* [Aim of the task]: The answer is the exact run of lines in the listing below from the line containing "Les composants du" up to and including the line containing "Zejtun : Situated", with pictures removed.

* [Material provided]:
★ ★ ★ ★ ★ ★ ★

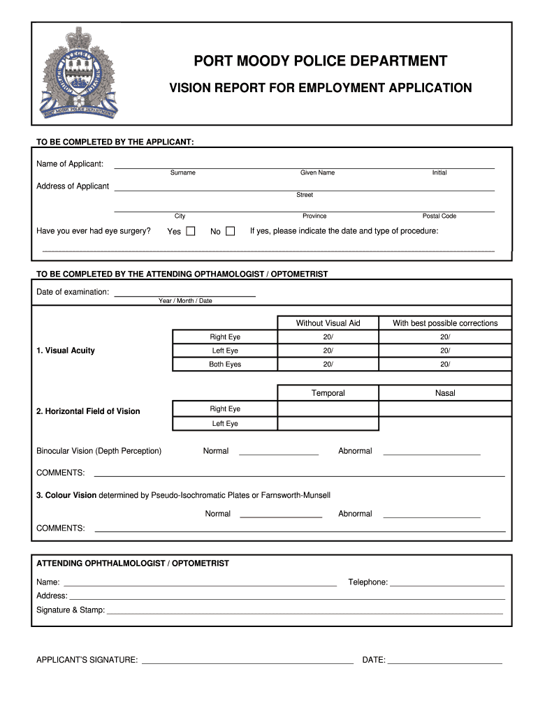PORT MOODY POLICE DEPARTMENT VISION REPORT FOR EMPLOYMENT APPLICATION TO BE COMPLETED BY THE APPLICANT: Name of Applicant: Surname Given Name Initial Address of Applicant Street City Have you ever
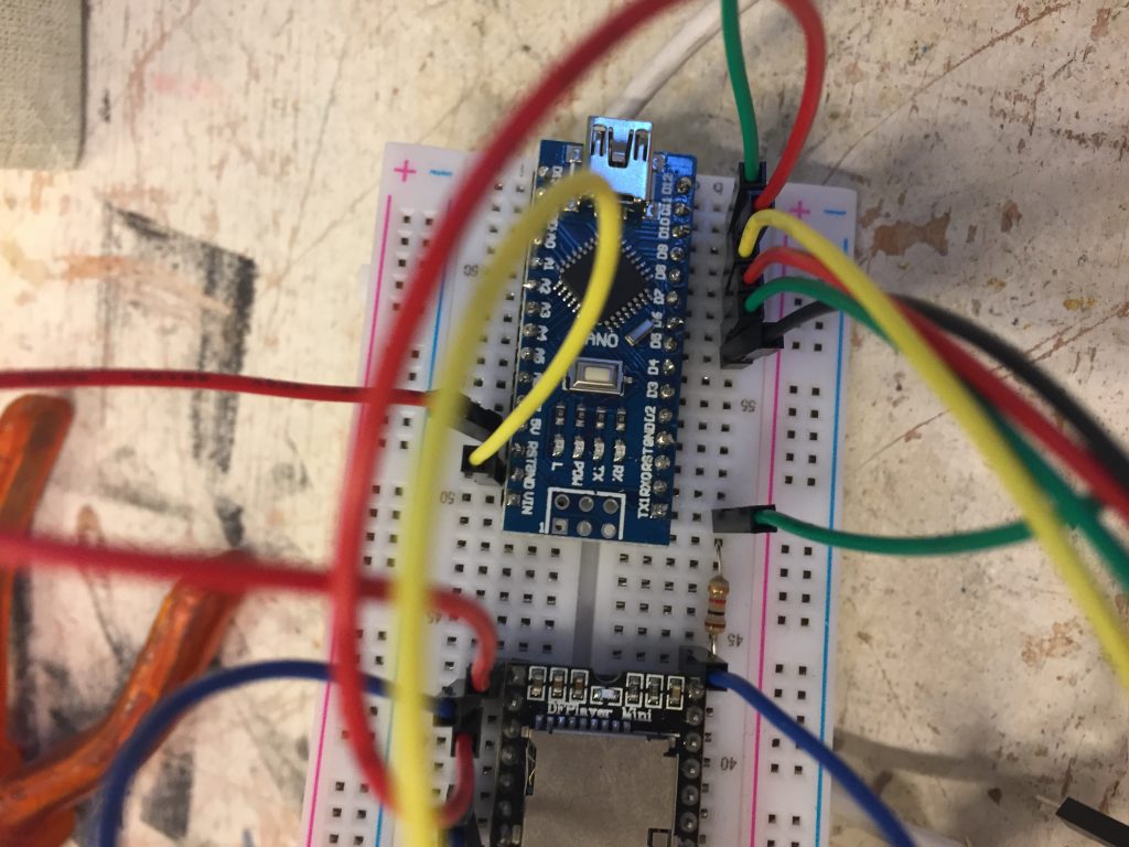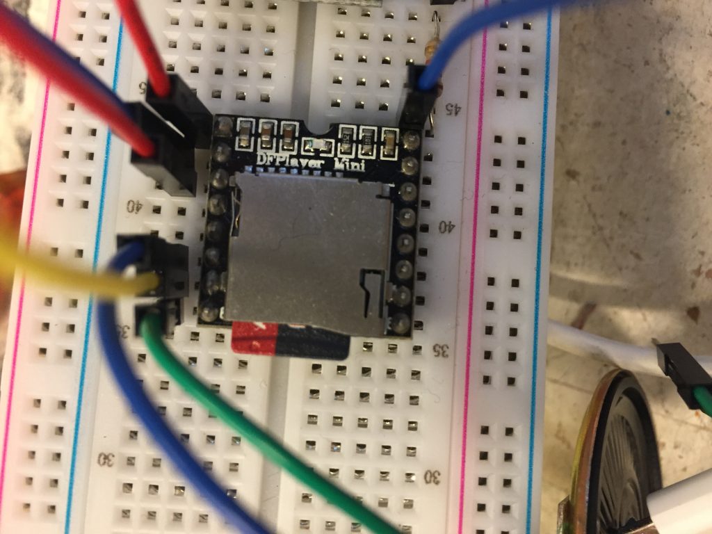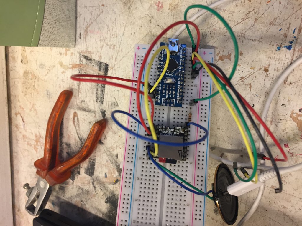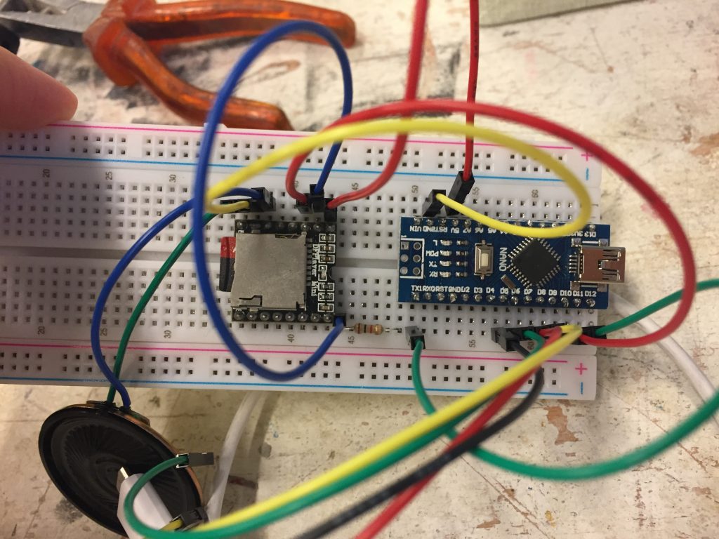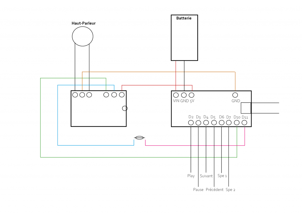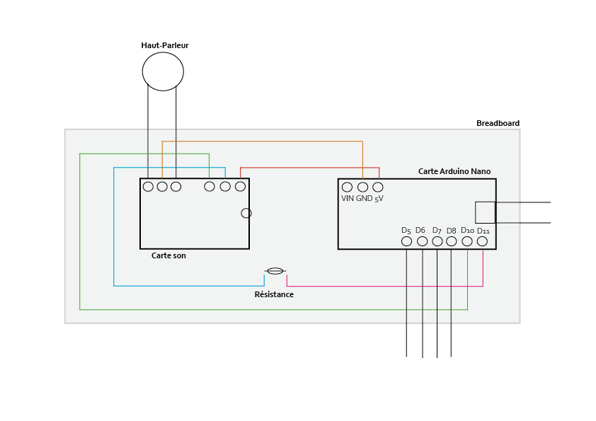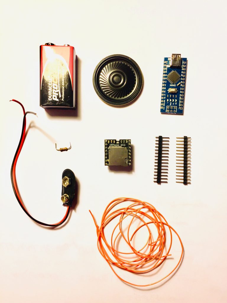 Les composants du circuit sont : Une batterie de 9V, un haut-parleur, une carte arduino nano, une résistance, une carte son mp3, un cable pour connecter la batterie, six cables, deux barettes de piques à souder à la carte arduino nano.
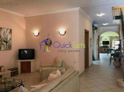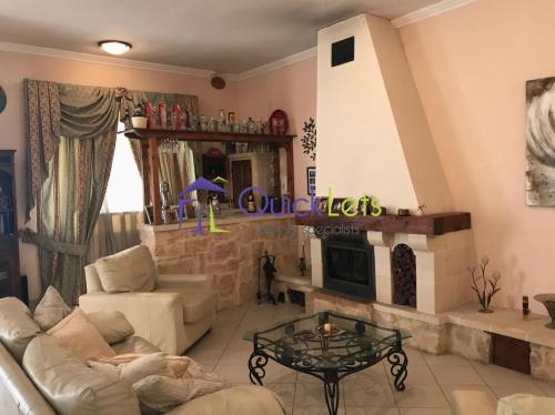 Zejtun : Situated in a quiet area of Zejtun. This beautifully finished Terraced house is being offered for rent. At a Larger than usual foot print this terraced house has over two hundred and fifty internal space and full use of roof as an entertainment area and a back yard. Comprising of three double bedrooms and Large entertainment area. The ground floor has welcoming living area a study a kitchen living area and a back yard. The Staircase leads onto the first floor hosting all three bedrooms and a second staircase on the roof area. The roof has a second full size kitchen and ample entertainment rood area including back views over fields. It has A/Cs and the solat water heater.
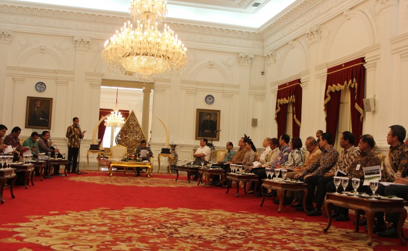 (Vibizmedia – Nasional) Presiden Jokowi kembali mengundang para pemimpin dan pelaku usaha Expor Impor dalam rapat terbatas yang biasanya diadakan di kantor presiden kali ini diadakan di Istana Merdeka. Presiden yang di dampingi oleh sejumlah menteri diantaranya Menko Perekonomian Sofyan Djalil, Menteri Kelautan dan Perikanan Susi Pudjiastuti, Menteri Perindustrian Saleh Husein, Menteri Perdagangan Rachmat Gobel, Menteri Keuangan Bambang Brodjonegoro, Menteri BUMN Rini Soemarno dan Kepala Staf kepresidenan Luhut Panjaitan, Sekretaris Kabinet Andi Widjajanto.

★ ★ ★ ★ ★ ★ ★

* [Finished exercise]:
 Les composants du circuit sont : Une batterie de 9V, un haut-parleur, une carte arduino nano, une résistance, une carte son mp3, un cable pour connecter la batterie, six cables, deux barettes de piques à souder à la carte arduino nano.
 Zejtun : Situated in a quiet area of Zejtun. This beautifully finished Terraced house is being offered for rent. At a Larger than usual foot print this terraced house has over two hundred and fifty internal space and full use of roof as an entertainment area and a back yard. Comprising of three double bedrooms and Large entertainment area. The ground floor has welcoming living area a study a kitchen living area and a back yard. The Staircase leads onto the first floor hosting all three bedrooms and a second staircase on the roof area. The roof has a second full size kitchen and ample entertainment rood area including back views over fields. It has A/Cs and the solat water heater.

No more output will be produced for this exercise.